Very cool. Sorry, go ahead. No, I just wanted to say, like Anik mentioned, we're all running on the commodity hardware.

Magic Firewall runs on all of the metals inside of all of Cloudflare's data centers.

Every time we make improvements, whether it's from open source software or we upgrade our hardware, add data centers, that automatically feeds into making Magic Firewall better.

Yeah, I think the thing that, for me, that was kind of a mind shift in terms of how we think about the way we deploy our services is so where we started was very much in the reverse proxy space, where a connection would terminate on a given server in a data center.

And so we would use any cast to announce these IP prefixes, draw the traffic close to it, and then there would be some piece of software that would perform a TLS handshake and then run the web application firewall.

That's kind of a layer seven of the OSI model, thinking about the application layer.

The thing that really I had to wrap my head around was these machines are now acting as routers and firewalls at the network layer.

And so I think what's really cool is when we talk to customers, we can say, this particular traffic you want to come in and you want to just route it and do DDoS protection and you don't want us to unwrap the actual contents of the packet for whatever reason.

And then this other flow, you want to come in and say, actually, I do want to do some inspection on this.

And so for me, trying to think about how these machines are now routers and firewalls and all that in one is a pretty unique offering and shift in terms of how we think about delivering services.

Some of the stuff you said about patching firewalls and things like that, as a network administrator, I used to have to be running back in the day Cisco PICS firewalls and then ASAs.

And some offices would have PICS OS and other ones would run ASA.

And it was like two different syntaxes.

And I had to keep both of them in my head.

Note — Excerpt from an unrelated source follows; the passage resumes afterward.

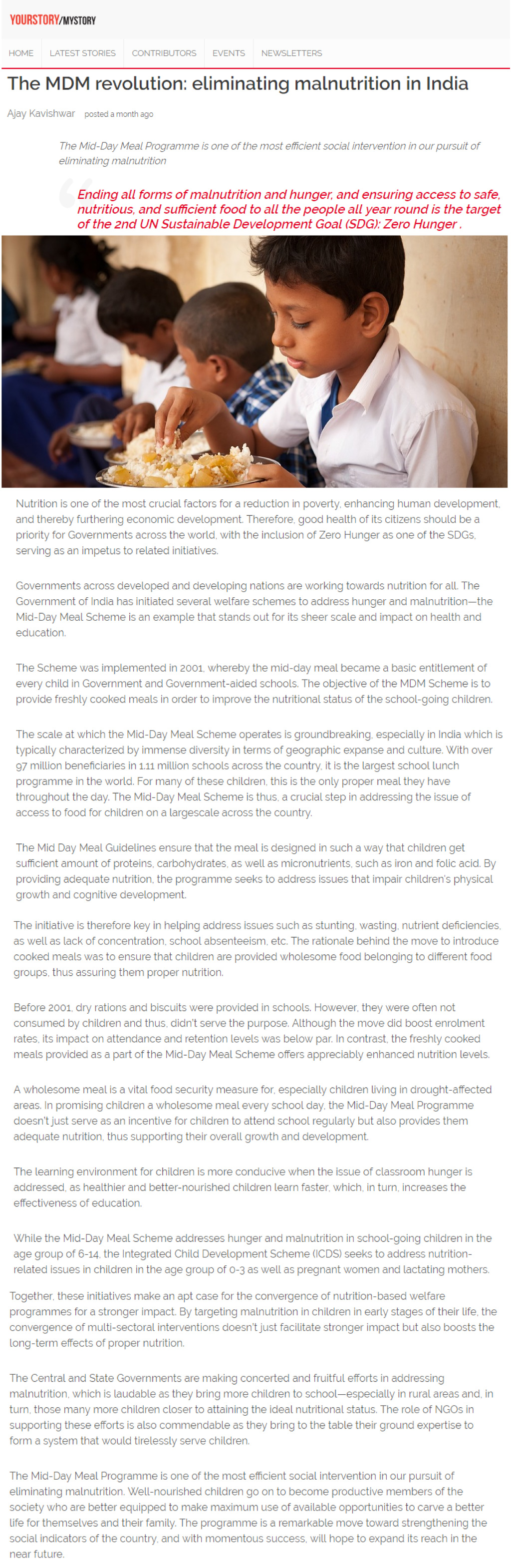 The MDM revolution: eliminating malnutrition in India
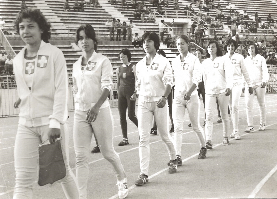 Στη φωτογραφία η Αλέκα Σιούλη, δεύτερη στη σειρά, πίσω από την ταμία του ΣΕΓΑΣ Ξένια Αργειτάκη, στην παρέλαση αγώνων με την εθνική ομάδα το 1977 στο στάδιο "Καραισκάκης"

And some had certain amount of RAM and I could do certain things on them, certain feature sets.

And then you got into the integrated routers that had some firewall capabilities with it, but they were all very different.

And I think the challenge for me was managing both the updates to them, pushing those updates out and keeping everything on the latest.

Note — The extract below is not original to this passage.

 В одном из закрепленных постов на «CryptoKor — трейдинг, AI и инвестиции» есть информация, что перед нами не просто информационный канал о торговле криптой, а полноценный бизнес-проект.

You saw the F5 vulnerability last week or whatever it was, where a packet coming back could totally compromise the device.

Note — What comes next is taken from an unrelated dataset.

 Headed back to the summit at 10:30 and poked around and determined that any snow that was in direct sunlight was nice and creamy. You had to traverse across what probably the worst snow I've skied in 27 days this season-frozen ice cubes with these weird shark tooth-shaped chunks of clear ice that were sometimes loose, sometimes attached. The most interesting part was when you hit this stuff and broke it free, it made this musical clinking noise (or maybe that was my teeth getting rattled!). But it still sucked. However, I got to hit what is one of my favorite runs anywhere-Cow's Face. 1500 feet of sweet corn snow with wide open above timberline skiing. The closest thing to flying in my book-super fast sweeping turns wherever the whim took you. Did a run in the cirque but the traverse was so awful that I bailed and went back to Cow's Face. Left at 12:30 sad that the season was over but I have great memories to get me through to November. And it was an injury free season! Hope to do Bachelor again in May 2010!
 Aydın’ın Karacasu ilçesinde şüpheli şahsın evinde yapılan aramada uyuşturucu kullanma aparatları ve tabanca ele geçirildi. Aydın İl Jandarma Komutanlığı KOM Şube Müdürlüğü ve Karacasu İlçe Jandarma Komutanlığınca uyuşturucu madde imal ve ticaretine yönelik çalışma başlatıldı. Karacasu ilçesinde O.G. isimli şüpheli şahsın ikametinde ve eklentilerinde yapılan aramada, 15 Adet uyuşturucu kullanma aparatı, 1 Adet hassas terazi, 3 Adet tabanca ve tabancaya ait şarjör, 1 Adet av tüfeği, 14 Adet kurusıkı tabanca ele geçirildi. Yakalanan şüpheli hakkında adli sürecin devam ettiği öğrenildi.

You'd have to rush those sorts of things out.

But then also the configuration change that you mentioned. So I would actually run SSH-ing into these things where possible or SNMP and pulling configs down and using these tools called Rantid and then putting them into Git.

And actually probably back then it was like pre-Git or whatever, CVS or SVN or some awful old technology.

And then trying to track those changes over time. I think the thing that I'm really excited about if I were going to deploy Magic Firewall is that auditability, that single place where I can go into the Cloudflare dashboard and see here's the policies that are running across the entire network.

And so you don't have to think about what's wrong on this device or that device.

It's I care about my devices and how they talk to each other.

And so that to me would be one of the most interesting things there.

So you mentioned physical firewalls and deploying these things.

So if you think about a rack today, you've got typically a router, a firewall, a switch, WAN optimization.

We've gone through this before. What is the legacy network deployment?

Over time, do you need all that stuff? How does Magic Firewall fit into that?

So ultimately we're looking to allow you to displace all of your firewalling requirements with a network as a service solution in Magic Firewall.

So I think we literally want you to end up with a basic router and either you plug in physically with a Cloudflare network interconnect or you set up a GRE tunnel or any other forms of connecting to Cloudflare.

And then you can start off just with a basic DDoS protection.

But I think one of the really cool things about Cloudflare versus other vendors is with other vendors, you buy a whole bunch of boxes and they have overlapping features and you're still kind of doubly paying.

You have to figure out like, OK, I want to add this feature.

I need the whole new box and I need to phone up 100 people to install.

With Cloudflare, you can just start really simple and just like add on products as you go.

So one of the or a couple of the really exciting things that we're working on right now is like being able to just selectively upgrade your traffic for like full stateful inspection with the gateway.

So what that allows you to do is maybe you want to do more than just layer three, layer four filtering and allow listing.

You want to actually like inspect like, OK, so Bobby here is in the marketing department.

He's in this branch office.

He's allowed to post to Facebook, for instance. But all these engineers here, it's fine if they read Facebook, but I don't want them to actually like upload content.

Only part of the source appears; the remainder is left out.